More Hacking of Interest Rates Needed
Yesterday, Canada’s central bank did its first 50-basis-point key interest rate cut in a long time. No more of the tapering off in either direction in 25-basis-point increments practiced by the former Bank of Canada Governor David Dodge. No, the talk of the town now are the “spillover” effects of the economic and, more pressingly, financial conditions in the U.S.
For years, Canada’s central bank was worried about the potential economic imbalances in the U.S. that are now threatening to throw our largest and best trade partner into the turmoil of a full-blown recession. Some voices have even raised concerns about a potential depression.

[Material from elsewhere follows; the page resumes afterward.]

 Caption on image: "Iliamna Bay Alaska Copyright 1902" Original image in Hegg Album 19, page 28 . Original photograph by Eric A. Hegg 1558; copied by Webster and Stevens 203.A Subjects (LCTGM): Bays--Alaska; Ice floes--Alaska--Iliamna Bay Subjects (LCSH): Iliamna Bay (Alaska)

This is why the central bank has decided to cut key interest rates more aggressively than before in an effort to bring the aggregate supply and demand back in to equilibrium and maintain the two- percent inflation level over the next year or two. As a result, the Bank of Canada’s new Governor, Mark Carney, installed his first policy decision to cut interest rates by a half a percent for the first time since November 2001, while the next reset date is scheduled for April 22.
What has prompted such a radical move for the Bank of Canada? Well, some rather worrisome numbers came in; for example, the country’s gross domestic product (GDP) grew only 0.8% in the fourth quarter of 2007, which is the slowest pace in the last five years and about half of what the central bank expected.

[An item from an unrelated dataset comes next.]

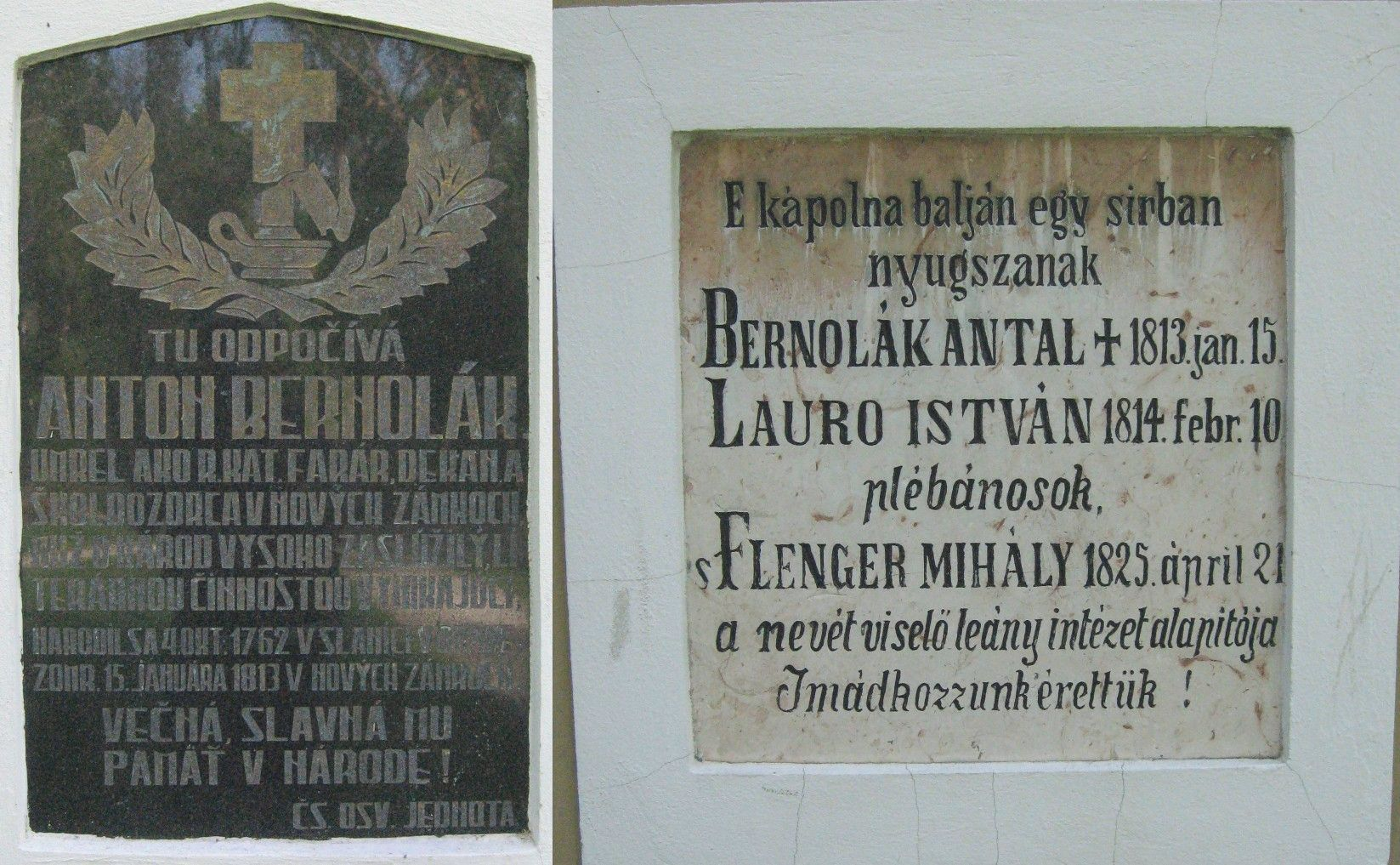 Memorial plaque of Anton Bernolák slovak writer and Flenger Mihály establisher of local school for girls in Nové Zámky at their grave

But such disturbing GDP numbers should have come as no surprise to economists since the U.S. economy, which consumes approximately 80% of everything that Canada exports, grew even less — only 0.6% on an annual basis. Plus there are clear signs that such a slowdown is going to last much longer than until January 2009. After all, the housing market collapse was the largest in a generation, which has to have dangerous, prolonged and costly consequences.
So why did Canada’s benchmark index bleed red yesterday? First, it wasn’t alone. All North American indices were in the red yesterday, shaving off somewhere between 1.3% and two percent from their respective aggregate market caps. And the reason why stock markets, at least in Canada, didn’t even register the stimulating expansionary policy move was the onslaught of dreary economic data and even drearier corporate earnings forecasts coming in from both sides of the border.
All of this further confirms my estimate that current recovery forecasts for both Canada and U.S. are far too optimistic and will have to be pushed further into the future. I do not believe that the second half of 2008 for Canada’s recovery is realistic, just as I do not believe that January 2009 is realistic for the U.S. This is not an attempt to time the markets, since I do not believe such an endeavor even possible. It is simply taking into account important economic events as they unravel and factoring historic time frames for similar ones in to an estimate that more time will certainly be needed to re-hinge everything that has been unhinged in the recent credit-induced crisis.